LyondellBasell is proud to provide a competitive total compensation package designed to reward excellence and support the well-being of our employees. Our Total Rewards package includes equitable and market-competitive base pay as well as locally relevant incentives, fostering a culture of pay-for-performance that recognizes both individual and company achievements.

We extend the following benefits to *eligible employees:

• Workplace Flexibility: The Company's Global Remote Work Policy allows eligible employees to request to work remotely up to two full days per standard work week at an approved location other than the designated worksite or office, such as at a home office with managerial approval.
• Comprehensive Health, Welfare, Life and Retirement Programs: Our comprehensive programs are aligned with local practices.

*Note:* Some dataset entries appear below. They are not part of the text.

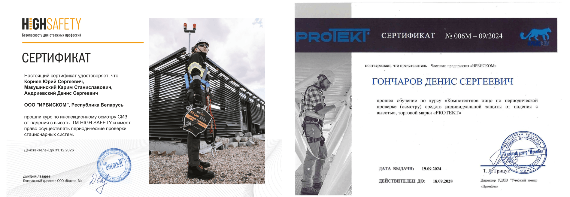 Специалисты компании «ИРБИСКОМ» имеют необходимые сертификаты и допуски для проведения инспекционного контроля СИЗ от падения с высоты.
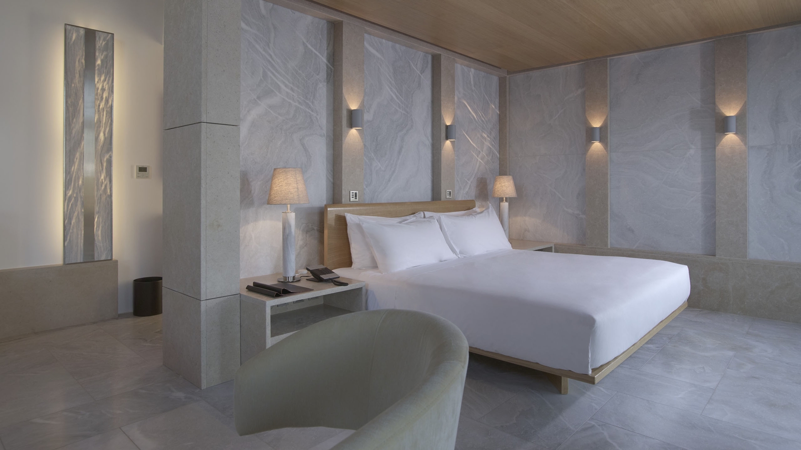 There are 38 pavilions dotted along the hillside, each private and elegantly luxurious, opening onto terraces with private plunge pools and views of the surrounding land or sea. Each pavilion is accessed via a stone-walled courtyard, leading to a living area and king-size bed in a marble alcove. For friends and family groups, there are a collection of spacious four to nine-bedroom villas with their own chef and host.
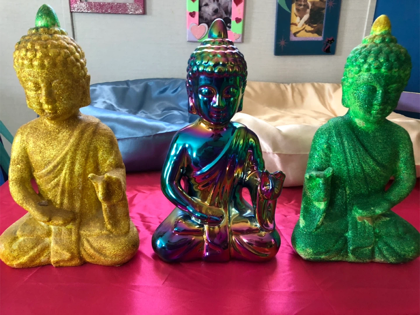 3 beautiful Buddha figurines. Measurements : 10.5” high x 5” at base. Sold together. Cash only. Porch pick up.
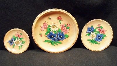 Vtg Set of 3 Tole Ware Wooden Floral Wall Plates Americana Scandinavian Folk Art
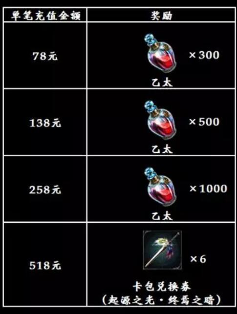 (例:每次充值518元都能获得6张卡包兑换券,但不会获得其余档位的乙太奖励)
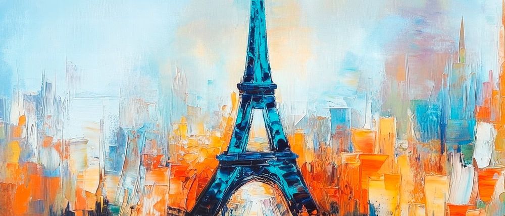 Un jeu fascinant de douces nuances de bleu et d'orange présente la silhouette majestueuse de la Tour Eiffel, entourée d'un paysage urbain animé et impressionniste. Cette composition pleine d'énergie apporte le sentiment d'une aventure romantique dans le salon et inspire à relier le quotidien à l'âme de Paris. Un accroche-regard parfait pour toute pièce pleine de vie et de créativité.
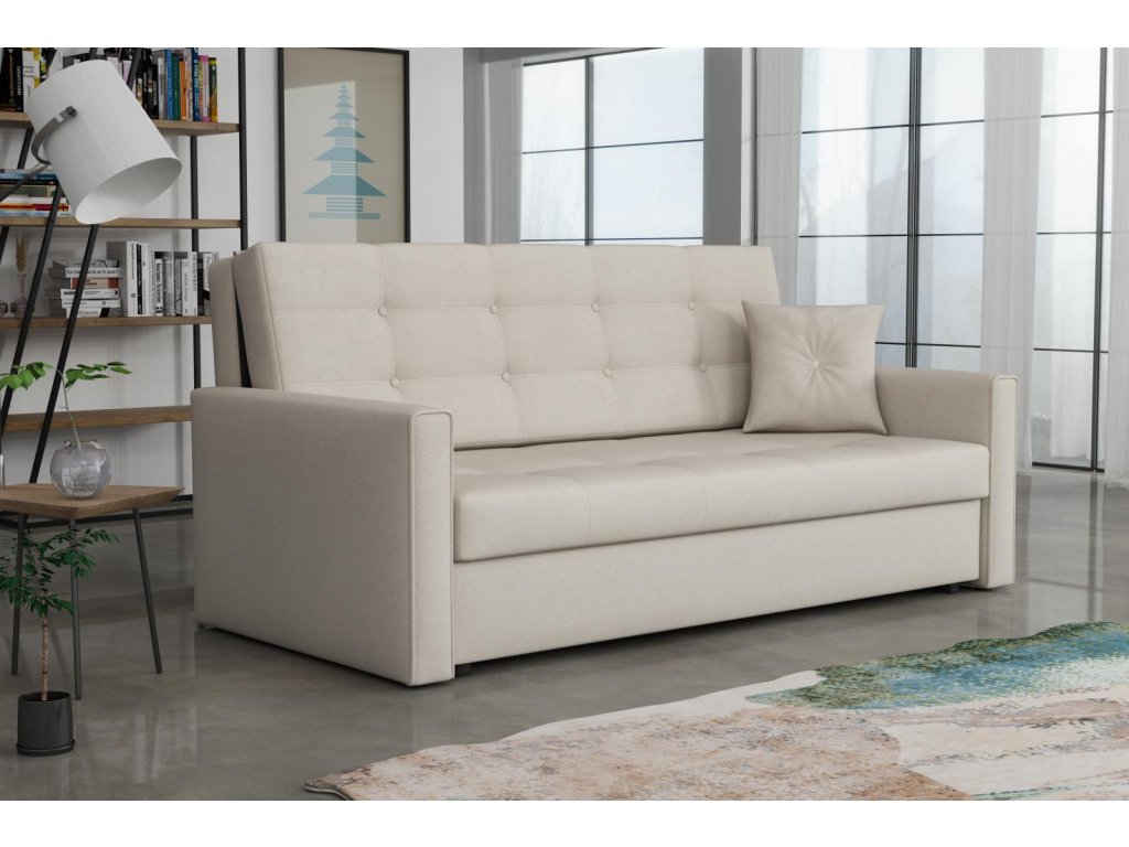Rozkládací pohovka Vivian je díky svým rozměrům vhodná i do menších pokojů. Je vyrobena v jednoduchém a zároveň elegantním designu, který se hodí do všech interiérů. Můžete ji umístit do obývacího, dětského, studentského, nebo hostinského pokoje. Jednoduchým rozložením pomocí automatu, získáte lůžko k příležitostnému přespání Vaší návštěvy. Výplň sedáku tvoří vlnité pružiny v kombinaci s PUR pěnou. Pohovka je potažena kvalitní látkou a nabízíme ji v několika trendy odstínech. Pohovka disponuje i nepostradatelným úložným prostorem, který využijete např. na deku a polštář. V ceně pohovky je 1 dekorační polštář. Ostatní vyobrazené dekorace nejsou v ceně.
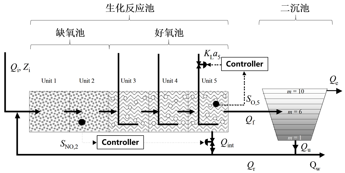 随着经济快速发展及城市工业化进程的推进,工业污水和生活废水的排放日益加剧,水污染引起的可用水短缺和日益增长的用水需求,严重加剧了水的供需矛盾,已成为全世界面临的共同难题。污水处理厂是一种广泛应用于石油化工、居民生活等领域的工业系统,其能够减少水污染,促进废水循环利用,大大降低了工业用水需求,避免了环境污染。然而,污水处理厂是一个非常复杂的时变动态系统,其内部的反应过程受到进水流量、污染物负荷以及未知进水组分的影响,呈现出非线性、强耦合和强扰动等特点。因此,针对污水处理厂的控制研究对于改善运行性能、提高出水水质具有重要意义。
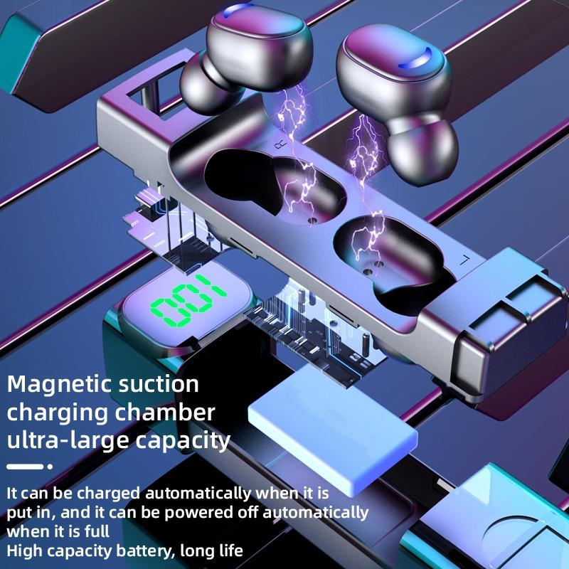 These Bluetooth earphones feature a digital display and a colorful lighting design, offering a stylish and functional audio experience. They are equipped with advanced Bluetooth 5.1+EDR technology, providing stable connectivity and efficient power consumption. The ergonomic space capsule design includes a breathing lamp, making them suitable for various activities and environments.
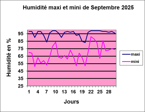 Remarques : Avec une moyenne de température de 12.9 °C, à 0.8°C au-dessous de la moyenne calculée de 13.7°C depuis le début des mesures en 1997 et un cumul total de précipitations à 164.3mm/m2 sur 14 enregistrements supérieur de 64.0mm au cumul moyen de 100.3mm calculé depuis 1997, ce mois fut généralement peu ensoleillé à l'exception de 5 jours entre le 17 et le 21. A noter que le 15, le cumul des précipitations de tout un mois de septembre était déjà atteint avec 101.6mm. Il s'agit du 4ème mois de septembre le plus arrosé après 1998, 2012 et 2024. A noter encore la température, dès le 22, toutes les valeurs enregistrées étaient situées à moins de 10°C. Ces valeurs ont fortement contribué à abaisser la moyenne mensuelle. Les vents d'origine polaire en sont la cause. Sur l'ensemble du mois, très peu de vents du sud furent enregistrés. |
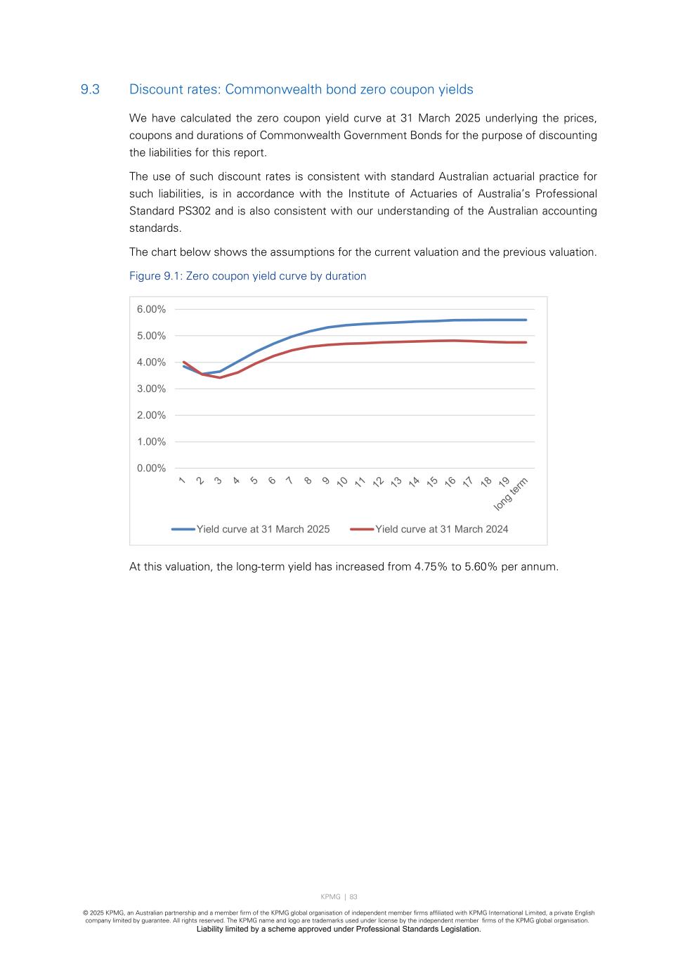 KPMG | 83 © 2025 KPMG, an Australian partnership and a member firm of the KPMG global organisation of independent member firms affiliated with KPMG International Limited, a private English company limited by guarantee. All rights reserved. The KPMG name and logo are trademarks used under license by the independent member firms of the KPMG global organisation. Liability limited by a scheme approved under Professional Standards Legislation. 9.3 Discount rates: Commonwealth bond zero coupon yields We have calculated the zero coupon yield curve at 31 March 2025 underlying the prices, coupons and durations of Commonwealth Government Bonds for the purpose of discounting the liabilities for this report. The use of such discount rates is consistent with standard Australian actuarial practice for such liabilities, is in accordance with the Institute of Actuaries of Australia’s Professional Standard PS302 and is also consistent with our understanding of the Australian accounting standards. The chart below shows the assumptions for the current valuation and the previous valuation. Figure 9.1: Zero coupon yield curve by duration At this valuation, the long-term yield has increased from 4.75% to 5.60% per annum. 0.00% 1.00% 2.00% 3.00% 4.00% 5.00% 6.00% Yield curve at 31 March 2025 Yield curve at 31 March 2024
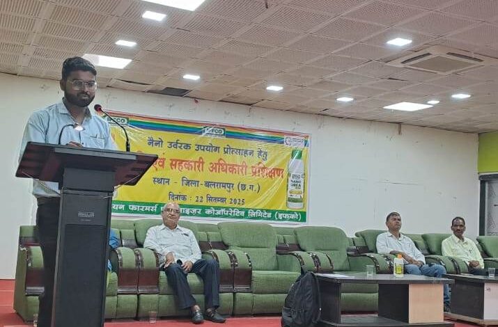 बलरामपुर, 22 सितम्बर 2025/ कृषि विभाग द्वारा बलरामपुर मुख्यालय अंतर्गत बाजारपारा स्थित ऑडिटोरियम में नैनो फर्टिलाइजर जागरूकता कार्यक्रम का आयोजन किया गया। कार्यक्रम में क्षेत्र के ग्रामीण कृषि विस्तार अधिकारियों और समिति प्रबंधको को नैनो फर्टिलाइज़र की महत्ता, उपयोग विधि व सावधानियों की विस्तृत जानकारी दी गई। कृषि विभाग के उप संचालक श्री रामचन्द्र भगत ने बताया कि समय के साथ कृषि में नई-नई तकनीकें जुड़ रही हैं। उन्होंने बताया कि अन्य उर्वरकों की तुलना में नैनो फर्टिलाइज़र अधिक प्रभावी और किफायती है।
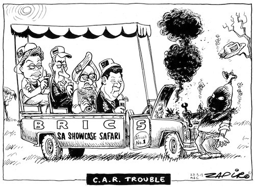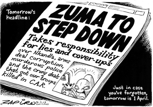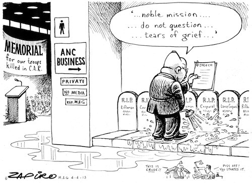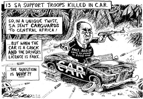 Ousted Central African Republic president Francois Bozize, flees after rebels take the capital Bangui. Zuma said that 13 South African troops had been killed in clashes with the Seleka rebels on the outskirts of Bangui. South Africa's sent a 200-soldier contingent to Central African Republic in January to support the government troops after the rebels launched an offensive in early December. Zuma said "As a member of the African Union, South Africa rejects any efforts to seize power by force." At the same time Zapiro's cartoon notes that Bozize had come to power in a military coup and questions why the 13 SA support troops were killed. The answe to the question is given in the article from the Daily Maverick - CAR fiasco: This is what we get for letting our government prop up a nasty dictatorship.

• 6% LYB match on 401(k) contribution
• 5% LYB cash balance pension plan accrual




• Comprehensive Well-being Benefits: Programs to support your physical, mental, financial, and social health, ensuring you receive the care you need, when you need it.
• Employee Stock Purchase Plan: The LYB ESPP offers a 10% discount on LYB stock for eligible employees in Germany, Italy, Netherlands, Spain, and US.
• Educational Assistance Program: To encourage self-development by providing financial aid for approved educational activities voluntarily undertaken by employees.
• Bravo Rewards Program: Recognizing outstanding employee contributions.
• Robust Medical and Life Insurance Packages: Offering a variety of coverage options to meet individual needs.
• Professional Development: Opportunities to learn and grow through training, mentoring, work experiences, community involvement, and team building activities.
• Competitive Vacation Policies: Generous annual leave to support your work-life balance.
• Global Adoption Policy: Support for employees expanding their families.
• Matching Gifts Program: Enhance the impact of your charitable contributions to qualified organizations.

*Eligibility for certain benefits and rewards programs will vary based on your job status, work location and/or the terms of any applicable collective bargaining agreement and may be changed from time to time without notice, subject to applicable law.